Common network problems include packet loss, jitter, congestion, and delay. The impact of these problems on the video experience is described below.

Video frames are often split into small group package, when the network packet loss occurs, the receiver can’t successful group of frame, not only affects the frame data decoding, starting from the frame of the whole GOP will be unable to decode, according to the user see pictures will appear caton, until the full frame I arrived at the receiving end to recover.

Jitter is also a killer for lag. Jitter includes sending data jitter, network transmission jitter, and packet loss and recovery jitter. In the end-to-end full link, any link will introduce jitter and affect the smoothness of the picture. The Jitter Buffer at the receiving end is responsible for eliminating Jitter and providing a stable decoding frame rate, but the Jitter Buffer is at the expense of delay.

When network congestion occurs, audio and video playback becomes worse. The direct impact of congestion is sudden packet loss or sudden jitter. If you do not timely predict the transmission of congestion and reduce the amount of data to be sent, the receiving end will have problems such as lag, long delay, and poor picture quality.

Packet loss, jitter, and congestion tend to be accompanied by an increase in latency. The definition of latency by ITU StandardG.114 is that when the end-to-end delay is greater than 400ms, the vast majority of interactive experiences will be unacceptable.

We use QoE to represent the subjective experience of users at the receiving end, while QoS refers to the service that measures the transmission quality of the network and provides high-quality network services through some quantitative indicators.
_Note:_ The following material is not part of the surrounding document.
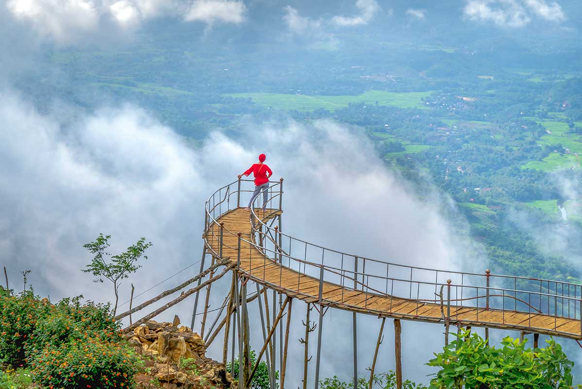 Hang Kia, known as a cloud hunting destination, offers breathtaking views of a sea of clouds during early mornings. The area features flower-covered hills, scenic platforms, and photo spots like tree swings. A small entrance fee (around 30,000 VND) grants access to this magical place.

So what are QoS’s weapons against these network problems?

1 FEC

FEC (forward error correction code) is a common anti-packet loss method. It sends redundant data to the sender to resist packet loss on the network. When detecting packet loss of media data, the receiver can use the received redundant data for packet loss recovery. FEC has the advantage of low packet loss recovery delay, but the disadvantage is that redundant data occupies extra bandwidth. In bandwith-limited scenarios, the original bit rate of video is squeezed, resulting in low picture quality. The packet loss recovery capability of an FEC is affected not only by the number of redundant data but also by the packet size. The larger the packet size is, the stronger the anti-packet loss capability is, but the corresponding packet loss recovery delay is also larger.
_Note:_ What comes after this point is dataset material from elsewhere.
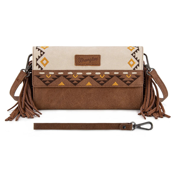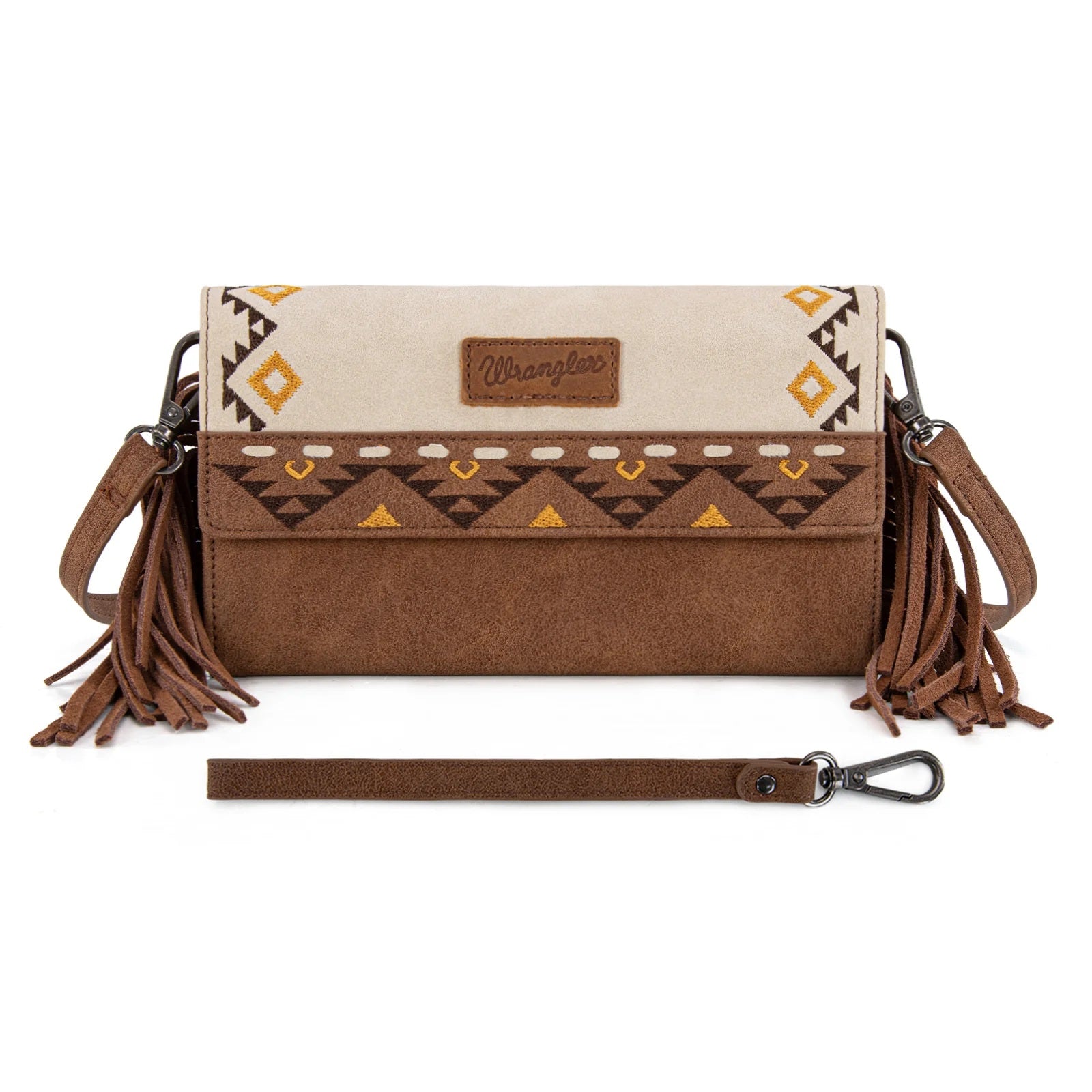 • Embroidered Aztec pattern on the flap with magnetic button closure

The packet size and anti-packet loss capability are shown

FEC codec algorithms include XOR, RS, etc. The main indexes to measure FEC algorithm are computing performance, anti-packet loss ability, and recovery delay. Among them, RS (Reed-Solomon code) based on Cauchy matrix is a popular FEC algorithm. The algorithm combined with appropriate grouping strategy has good performance on the above three indicators. Different FEC algorithms have better performance for different application scenarios, such as fountain code and convolution code, etc. Fountain code combined with the feedback mechanism of the receiver has better performance for scenarios with large packet loss fluctuation such as wireless channel.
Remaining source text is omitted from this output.